• ASSIGNMENT: Extract only the lines from the start of the entries below to the line with "Beyaz listeyi The", inclusive; omit every picture.

• INFORMATION GIVEN:
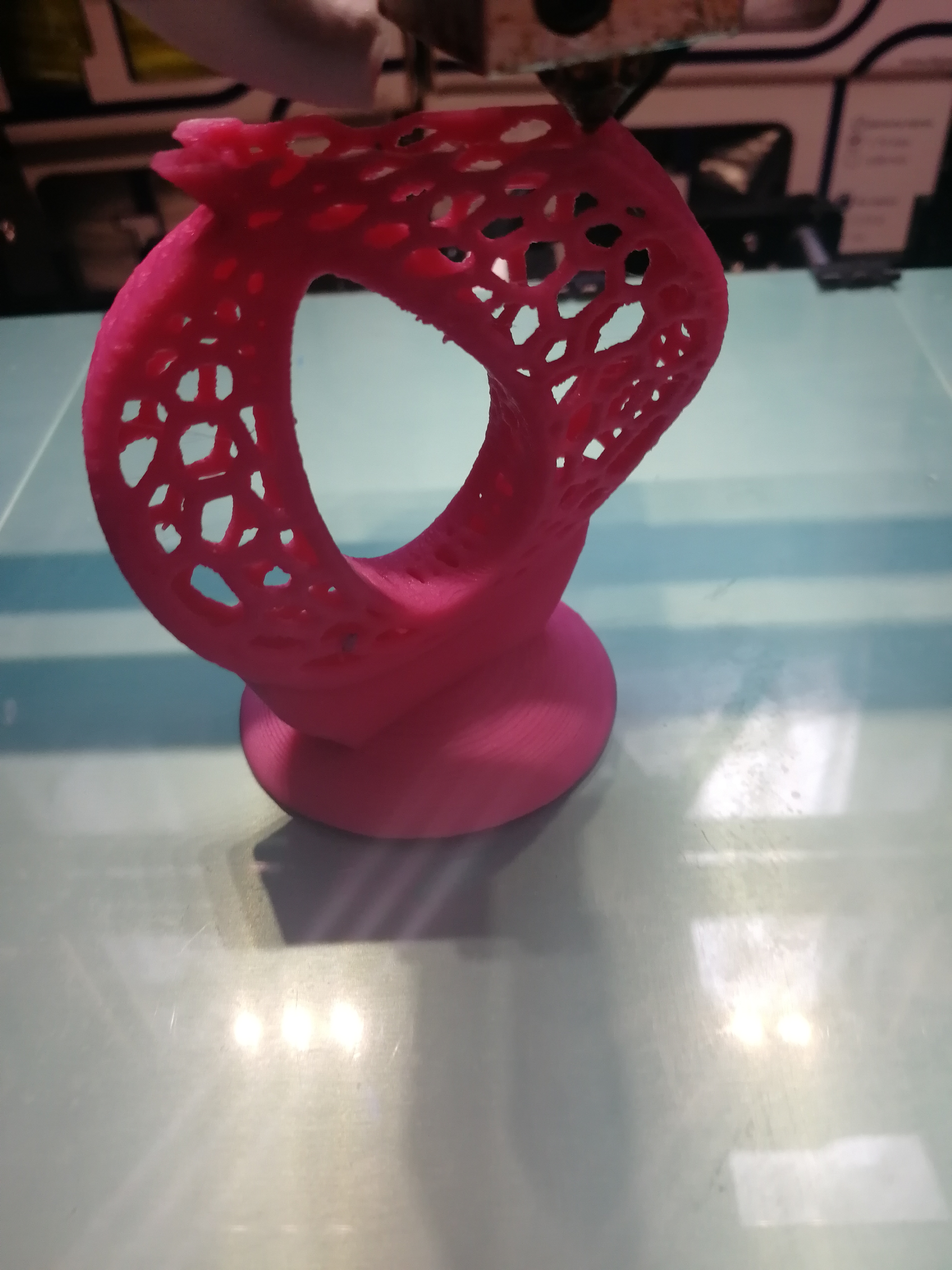 Пластик розовый PLA от FDPlast (дёшево и сердито), температура экструдера 195°C.
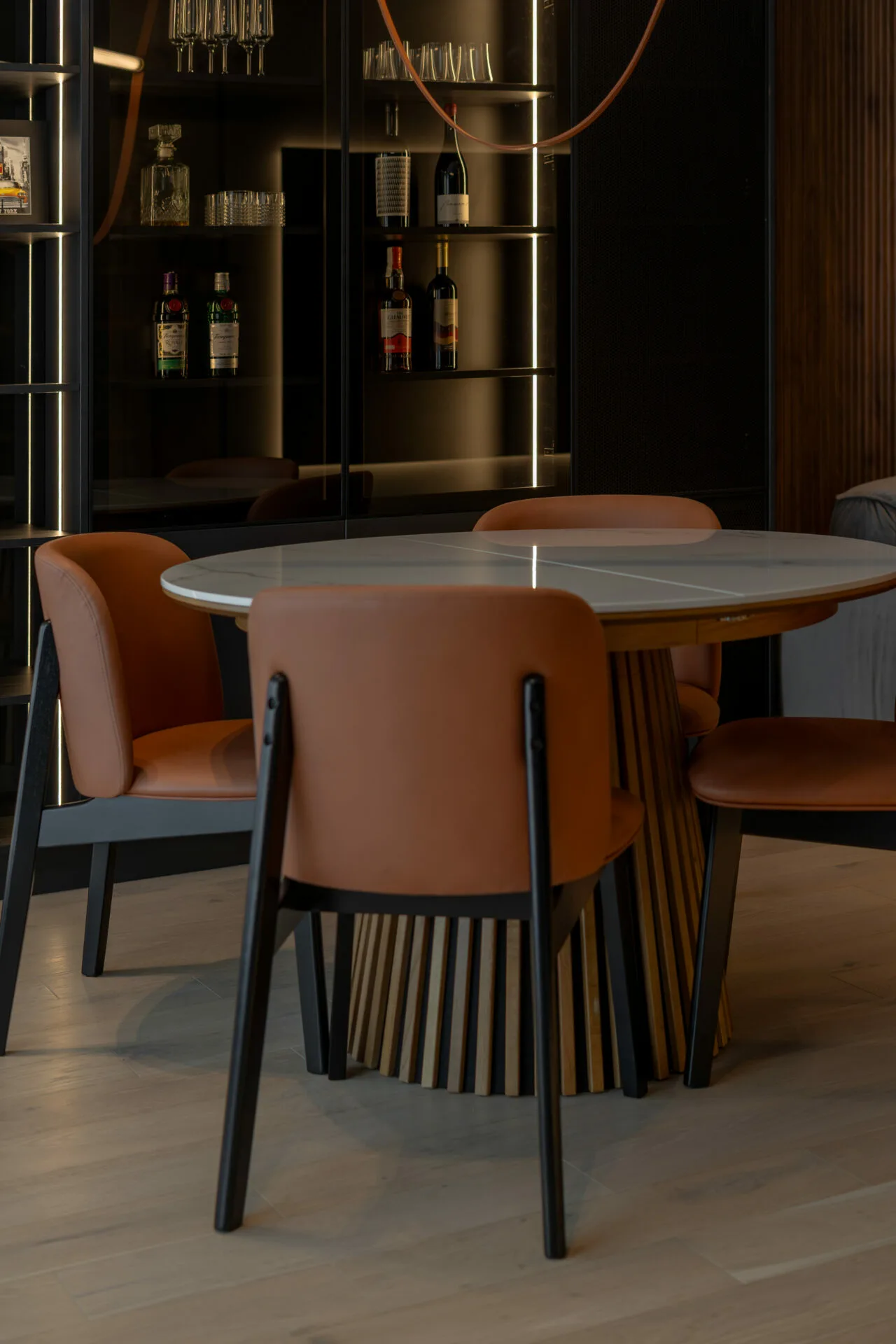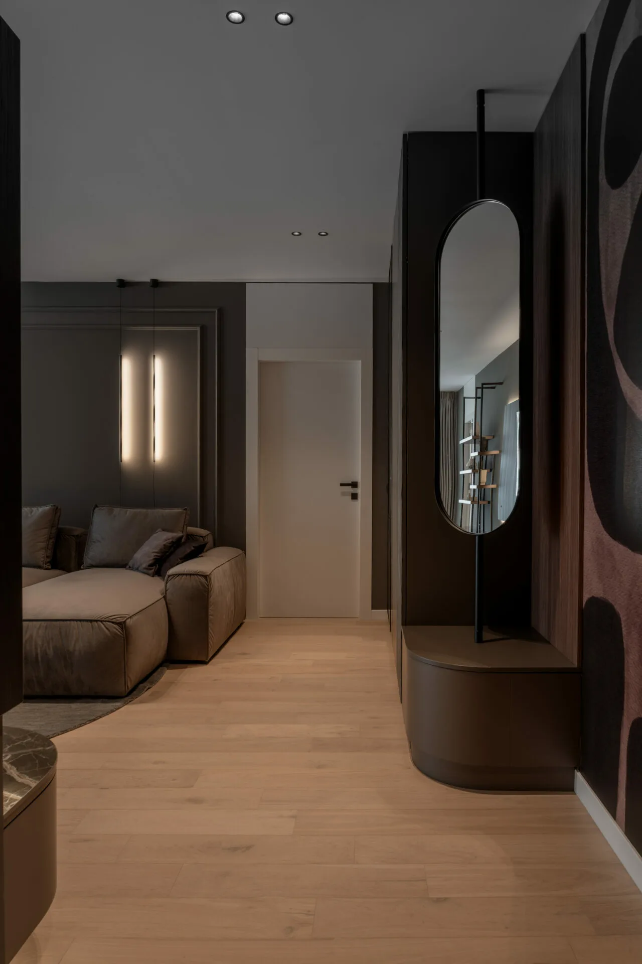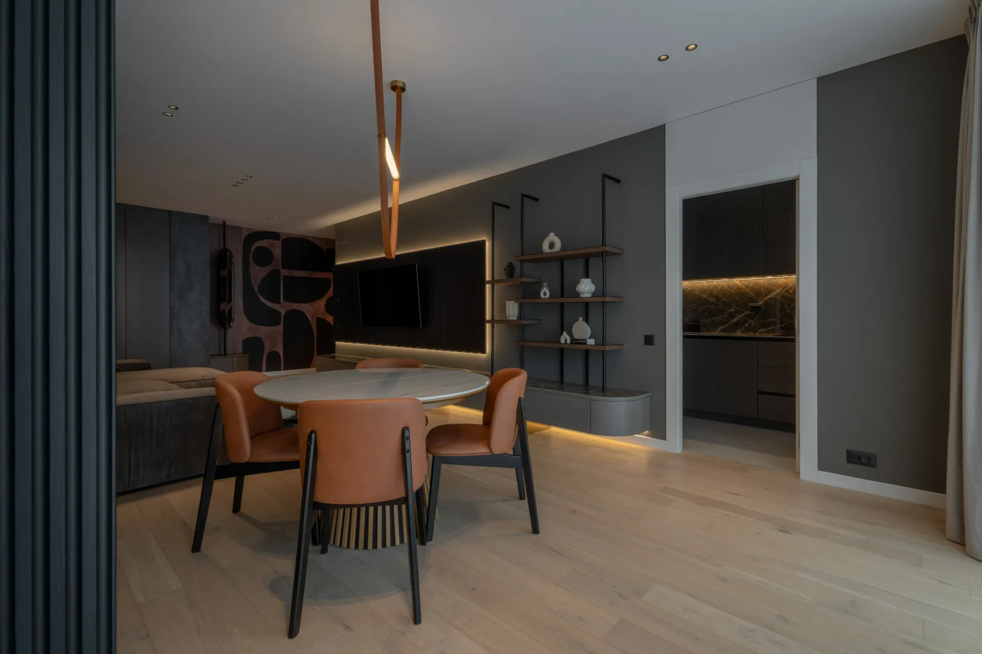 Amenajarea proiectului Mocha Shapes, realizată de Vibe Interior, explorează contrastele controlate, pornind de la o paletă cromatică în tonuri închise, dominată de maro și negru.
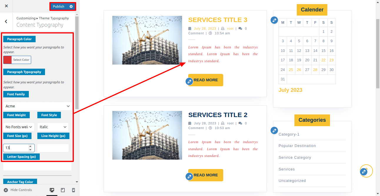 In Content Typography you can change color, font style, font-size, line height, font-weight, letter-spacing of Paragraph and Anchor tags.
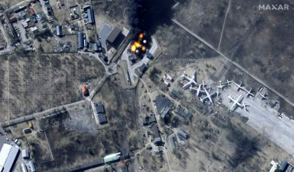 Më poshtë është një imazh i një zjarri në aeroportin Antonov në Hostomel, Ukrainë.
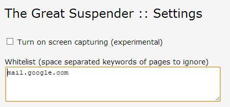Beyaz listeyi The Great Suspender'ın seçeneklerinde elle düzenlemek de mümkündür.
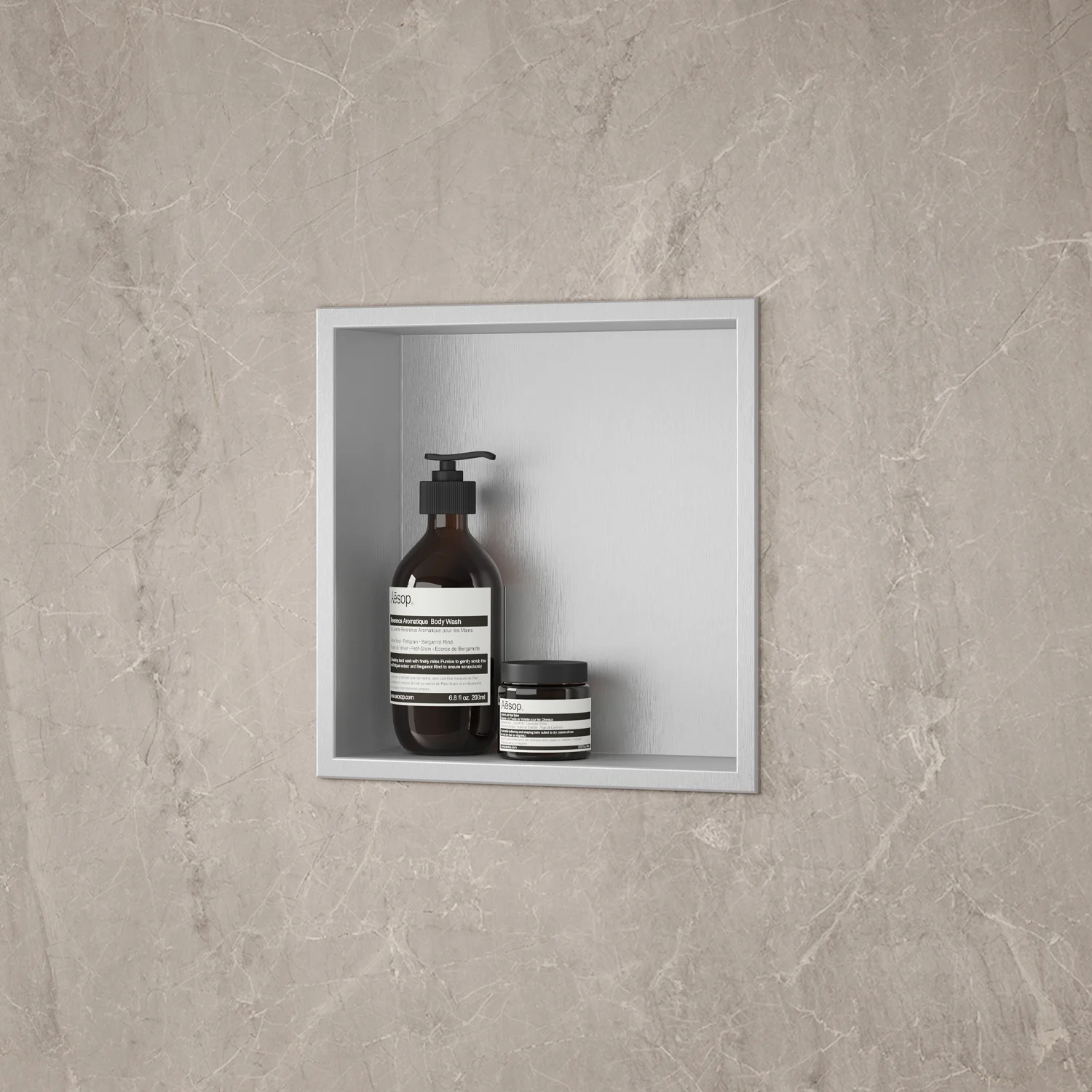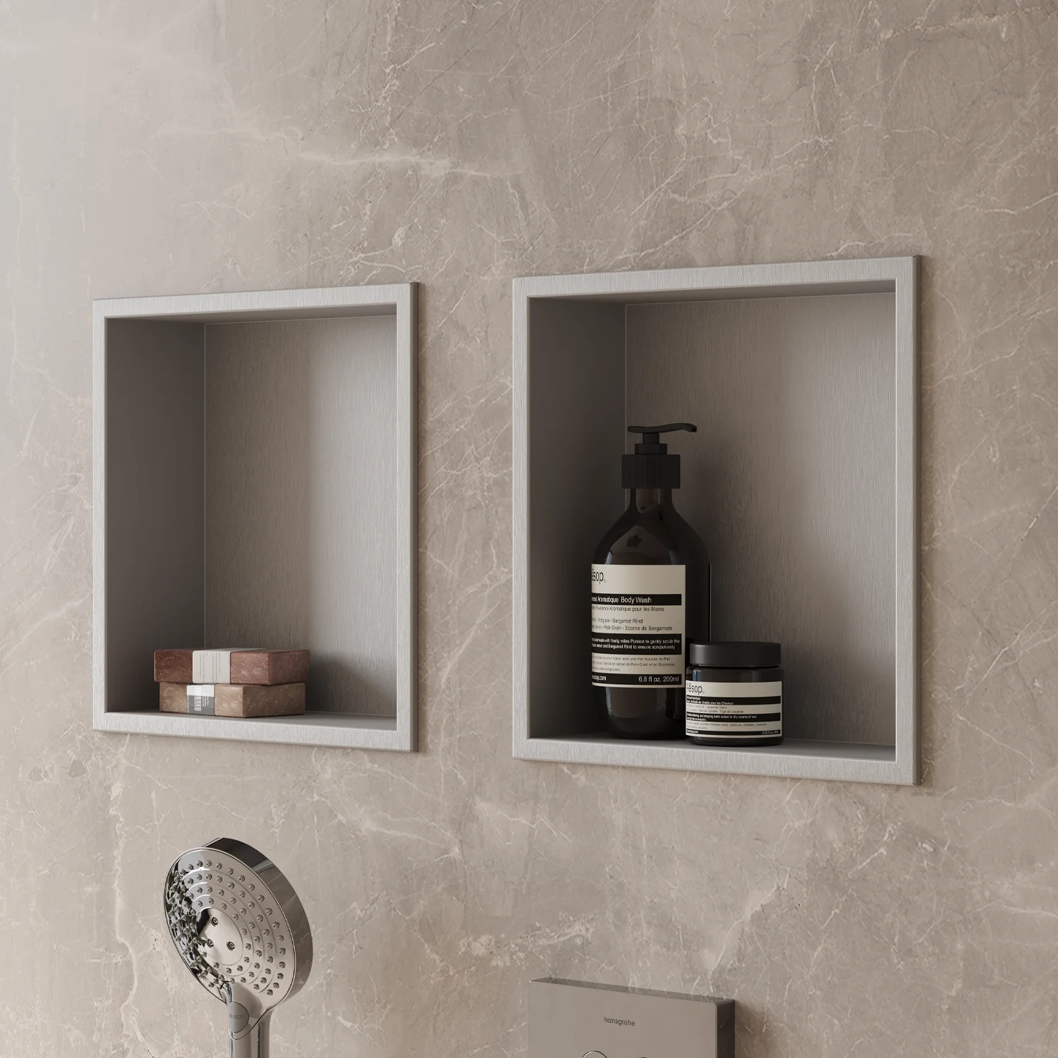 StorageFit steht für eine hochwertige Edelstahl Wandnische, die auf Langlebigkeit und Alltagstauglichkeit ausgelegt ist. Die Oberfläche ist je nach gewünschtem Badstil in Edelstahl gebürstet, Mattschwarz oder Mattweiß erhältlich. Damit passt die Wandnische sowohl zu zeitlosen Armaturen als auch zu modernen, kontrastreichen Badkonzepten. Für die Varianten in Mattschwarz oder Mattweiß sorgt eine robuste Ausführung aus Edelstahl und pulverbeschichtetem Finish für eine besonders gleichmäßige, matte Anmutung.

• OUTPUT:
 Пластик розовый PLA от FDPlast (дёшево и сердито), температура экструдера 195°C.
 Amenajarea proiectului Mocha Shapes, realizată de Vibe Interior, explorează contrastele controlate, pornind de la o paletă cromatică în tonuri închise, dominată de maro și negru.
 In Content Typography you can change color, font style, font-size, line height, font-weight, letter-spacing of Paragraph and Anchor tags.
 Më poshtë është një imazh i një zjarri në aeroportin Antonov në Hostomel, Ukrainë.
Beyaz listeyi The Great Suspender'ın seçeneklerinde elle düzenlemek de mümkündür.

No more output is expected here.